*What this task involves*
Set down, exactly as written, the lines from the line holding "أو الإشهاد (¬4)" to the end of the data, inclusive, skipping any pictures.

*Supplied information*

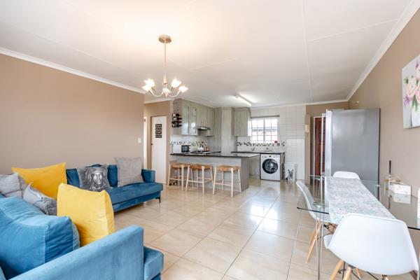 Neat 3-Bedroom Townhouse with Private Braai Area. This well-maintained 3-bedroom townhouse offers comfortable and easy living in a secure environment. The home features a welcoming kitchen that flows seamlessly into a functional lounge, ideal for everyday living.
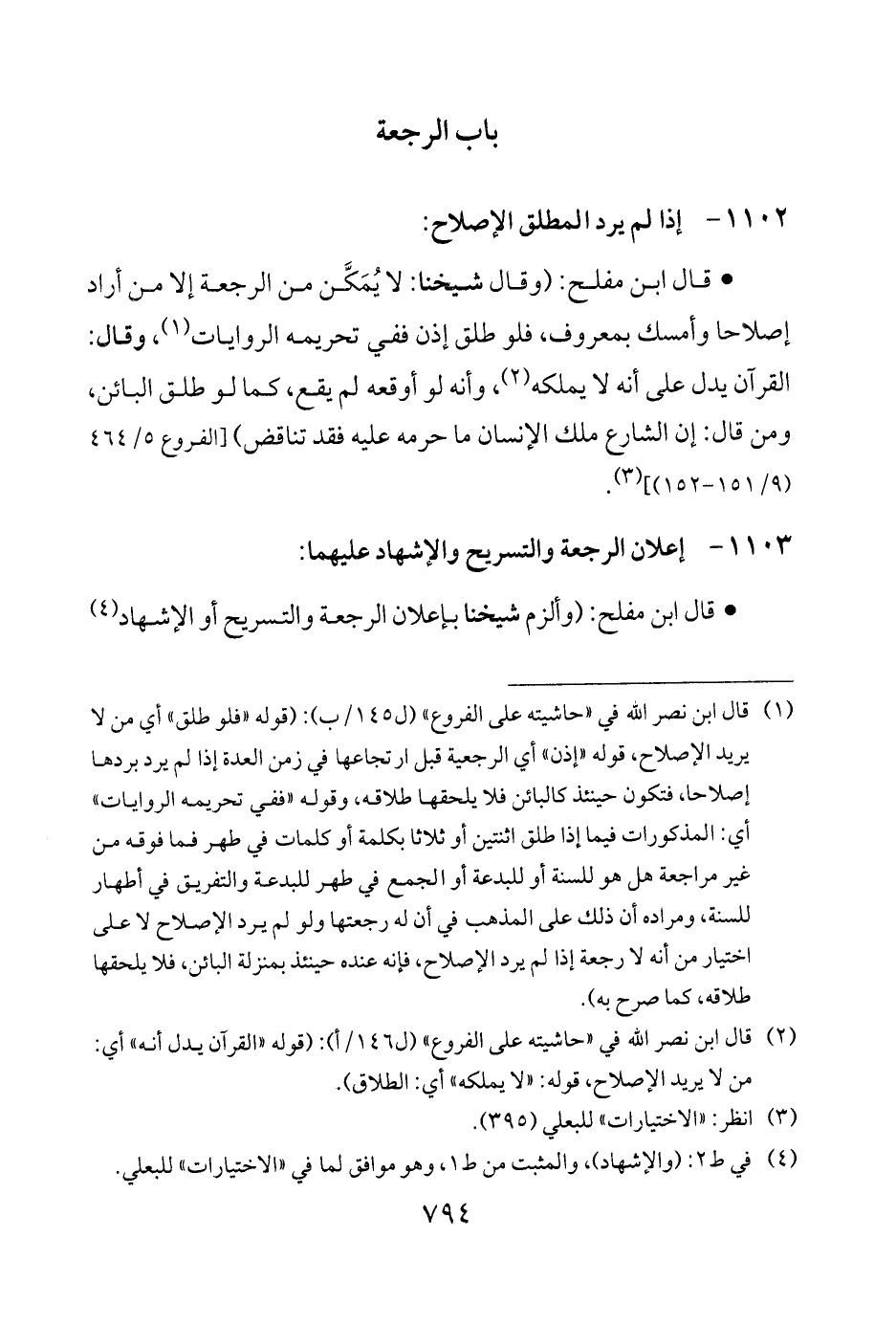 * قال ابن مفلح: (وألزم شيخنا بإعلان الرجعة والتسريح أو الإشهاد (¬4)
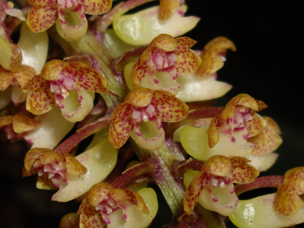Found in Borneo in hill and lower montane forests at elevations of 800 to 2200 meters as a small to medium sized, warm to cold growing epiphtye with a spreading to pendulous stem that roots at the base carrying several, ligulate, undulate marginally, obtusely unequally bilobed apically, purple beneath leaves that blooms in the spring and fall on a simple, racemose, to single branched, densely many flowered, 6" [to 15 cm] long inflorescence with ovate, obtuse, amplexicaul, sterile bracts and triangular, acuminate floral bracts.
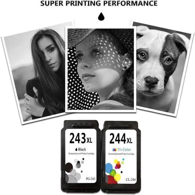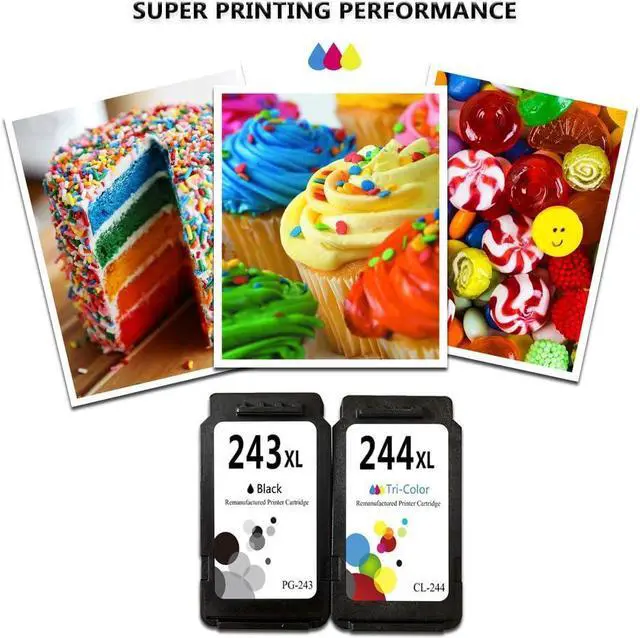 Replacement for Canon PG-243 Black Ink Cartridge & CL-244 Color Ink Cartridge
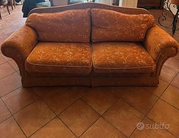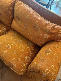 Due divanti antichi con tapezzeria arancione e oro.

*Exercise result*
 * قال ابن مفلح: (وألزم شيخنا بإعلان الرجعة والتسريح أو الإشهاد (¬4)
Found in Borneo in hill and lower montane forests at elevations of 800 to 2200 meters as a small to medium sized, warm to cold growing epiphtye with a spreading to pendulous stem that roots at the base carrying several, ligulate, undulate marginally, obtusely unequally bilobed apically, purple beneath leaves that blooms in the spring and fall on a simple, racemose, to single branched, densely many flowered, 6" [to 15 cm] long inflorescence with ovate, obtuse, amplexicaul, sterile bracts and triangular, acuminate floral bracts.
 Replacement for Canon PG-243 Black Ink Cartridge & CL-244 Color Ink Cartridge
 Due divanti antichi con tapezzeria arancione e oro.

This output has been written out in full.